> [Problem requirements] Please output only the lines running from the one that contains "环境科学系于地学楼二楼学术报" through the last line of the data below, exactly as they stand, with no pictures.

BEGIN Available data

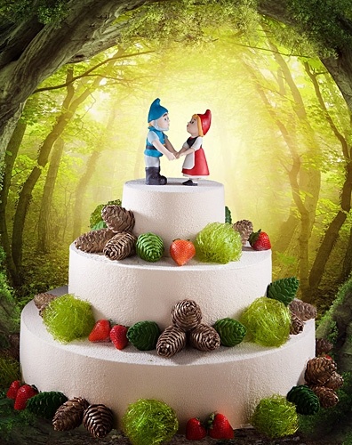 Торт в 3 яруса, покрытый шоколадным велюром цвета слоновой кости. Верхний ярус торта украшают фигурки гномов держащихся за руки, выполненные из сладкой массы на основе какао-масла. Нижний ярус торта украшен шоколадными шишками, карамельными зелеными шарами и клубничками, выполненными из сладкой массы на основе какао-масла.
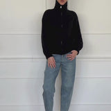 Dieser schwarzer Cardigan mit Reißverschluss überzeugt durch sein zeitloses Design und weichen Strick. Er wärmt zuverlässig an kühlen Tagen.
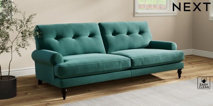 7.2.10 Erin Buttoned Back Deep Relaxed Sit 3 Seater Sofa Fine Chenille Easy Clean Dark Juniper Green High Classic Turned - Dark | Made Click here to use our website with more accessibility support, for example screen readers
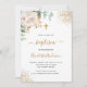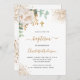 Um fundo branco decorado com verde de eucalipto, uma rosa branca, folhas de ouro e falsas gotas de ouro. Personalize e o nome e os detalhes da cerimônia. Letras pretas e ouros coloridas. Sexo neutro. Traseira: fundo branco com quedas de brilho de falso ouro
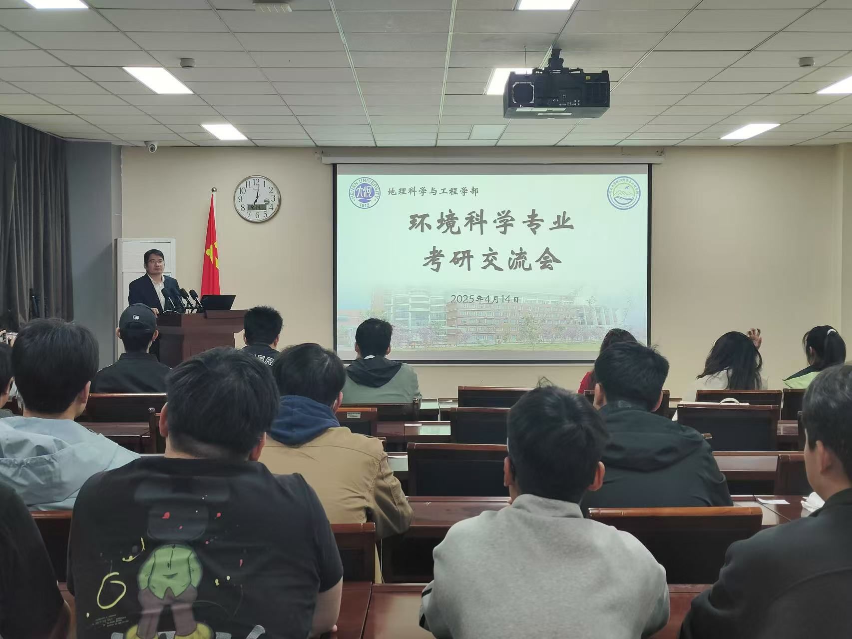 环境科学系于地学楼二楼学术报告厅开展考研交流会,学院副院长丁志伟受邀参会并作讲话,学院2021级本科生杨姝汀、卢星宇、胡文煊、毕子钧、熊峰、李茜、杨镓旺、王柯岩和郎显赫积极分享升学经验,2022级和2023级环境科学专业学生参会学习,会议由环境科学专业教师李涛主持。
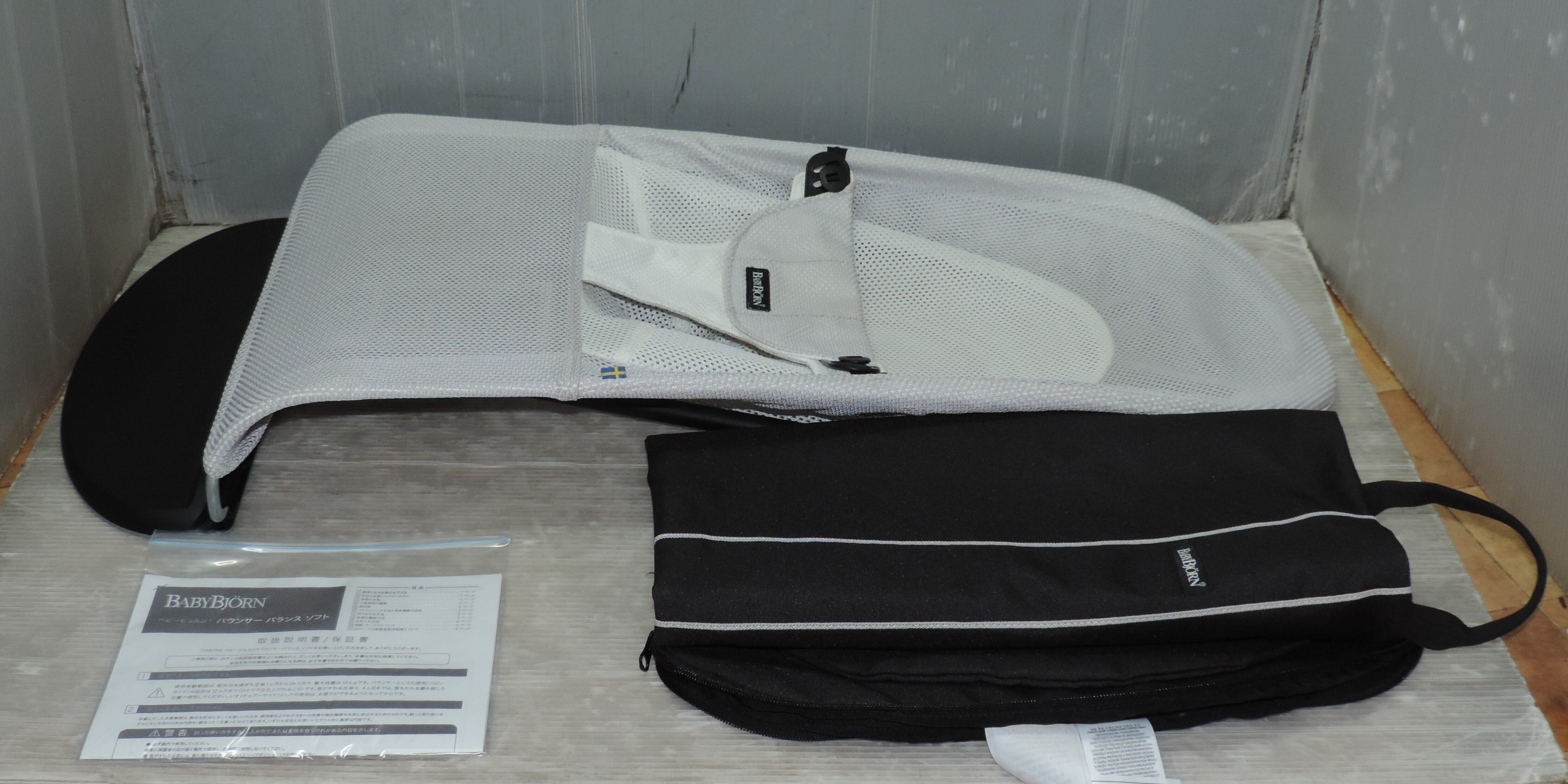 ■この度は、ごらん頂きありがとうございます。子供用品、衣類を中心にご案内しております。 ■チャイルドシート、ベビーカー、ラックなどのクリーニングサービスも有料で営業しており、出品商品も同様のクリーニング済みの品です。直ぐに安心してご利用頂けます。 ●ベビービョルンのベビーシッターバランスソフトAir。 バウンサー専用バッグです。 本体、バウンサー専用バッグと取説コピーになります。色は、シルバー/ホワイト。 ●対象:1カ月~2歳頃(13kg)。 洗濯済みできれいです、プラスチック部分もあまり傷はありません。 ●生地は、通気性に富んだ、メッシュのポリエステル100%素材。バッグの素材は、ポリエステル100%。 ●リクライニング調節3段階、①プレイポジション②レストポジション ③スリープポジション 9,000円

END Available data

> [Problem solution]
 环境科学系于地学楼二楼学术报告厅开展考研交流会,学院副院长丁志伟受邀参会并作讲话,学院2021级本科生杨姝汀、卢星宇、胡文煊、毕子钧、熊峰、李茜、杨镓旺、王柯岩和郎显赫积极分享升学经验,2022级和2023级环境科学专业学生参会学习,会议由环境科学专业教师李涛主持。
 ■この度は、ごらん頂きありがとうございます。子供用品、衣類を中心にご案内しております。 ■チャイルドシート、ベビーカー、ラックなどのクリーニングサービスも有料で営業しており、出品商品も同様のクリーニング済みの品です。直ぐに安心してご利用頂けます。 ●ベビービョルンのベビーシッターバランスソフトAir。 バウンサー専用バッグです。 本体、バウンサー専用バッグと取説コピーになります。色は、シルバー/ホワイト。 ●対象:1カ月~2歳頃(13kg)。 洗濯済みできれいです、プラスチック部分もあまり傷はありません。 ●生地は、通気性に富んだ、メッシュのポリエステル100%素材。バッグの素材は、ポリエステル100%。 ●リクライニング調節3段階、①プレイポジション②レストポジション ③スリープポジション 9,000円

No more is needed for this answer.